AP: I must say that I find it wonderful and it helps both me and the audience to understand who Medea is: there is Medea’s magical side, the maternal side, the friendly side with Neris, the vengeful side. There is also the love for her man whom she does not want to let go. McVicar really touches all the emotions and all the steps of Medea’s transformation in what is really a journey of this woman’s soul. I loved the production even before thanks to the Met’s videos and so I immediately entered into this atmosphere, where McVicar really did a great psychological work on this character who carries all the action and all the drama on her shoulders.

Then there is a lot of physical action because he sees Medea as a snake, a chthonic being, so I am often on the ground. There is also a fight with soldiers with a lot of physicality. In this production the masculinity of Medea is emphasized and this interpretation is beautiful but adds a further element of difficulty in my work on the stage.

OW: Medea is on the stage all the time. How do you pace yourself when doing this opera?

AP: Yes, I am always on stage from the middle of the first act and I don’t leave. It has already happened to me with other roles and I know that this helps to stay focused on the character. Of course, considerable physical strength is required, but in the end, it is very natural to get into character and never come out of it until the end.

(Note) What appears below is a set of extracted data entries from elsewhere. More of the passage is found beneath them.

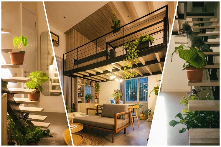 | Không gian chính của căn phòng gần như được tận dụng từng mét vuông diện tích. Sau khi cải tạo có tầng dưới là phòng khách, bàn làm việc, bếp và nhà tắm có gác xép đặt giường ngủ, tủ quần quán… “chuồng cọp” trước đây được cải tạo thành khu vực thư giãn đọc sách. |
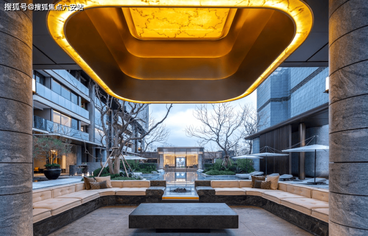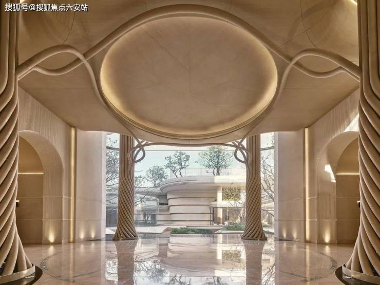 【生辉之金】:香槟金金属流线、手工密拼弧形金属板,外立面石材铝板采用干挂工艺,流动恒久的华贵。
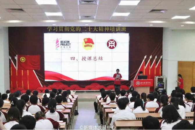 ——授课总结。小组汇报完毕后,校学生团委组织部和团员教育发展部负责人上台进行授课总结,并介绍了关于入团积极分子入团考核的考试形式等相关事宜。
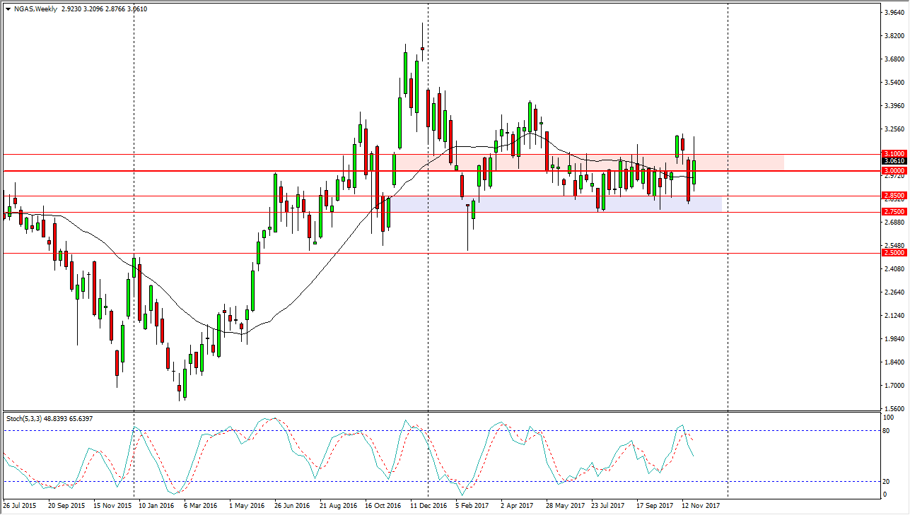 I believe that the $2.75 level is massively supportive though, but a breakdown below there should send the market to the $2.50 level word is even more supportive. If we can break above the Over the last couple of weeks, it could be the move higher that we tend to get towards the end of the year, but that’s a short-term phenomenon, as by the time the middle of January comes into play, we will often see sellers come back in and pushing lower. We have far too much natural gas out there to think that rallies will be sustainable for more than the occasional pop in pricing.
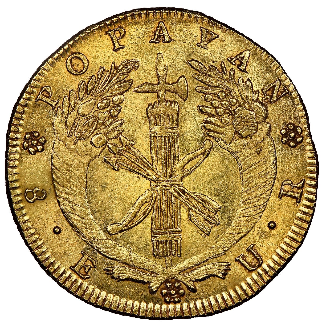 Popayan, Colombia, gold 8 escudos, 1830UR, NGC MS 64, finest known, ex-Eliasberg (stated on label).

OW: Tell me about working with your fellow cast members.

AP: The work with the cast has been good. The relationship with Jason is the most important in the two big duets, even though Medea is very much a solo role. However, the relationships are very good and we are working very well together, starting with the director who is taking over the production, Jonathan Loy. He is working very well on Medea and has helped me together with the choreographer to understand Medea’s bipolarity. The team is very close and I’m sure it will be understood.

OW: What excites you about this Medea?

AP: Everything. I am looking forward to singing this role, which for me is the mother of all soprano roles. I am excited, happy, honored. When I sing Medea I am the first to get so excited. This moment has finally arrived and now I want to enjoy it to the fullest, hoping that I can also communicate my passion for this opera to the public. The dream would be to sing it again soon in Italy too.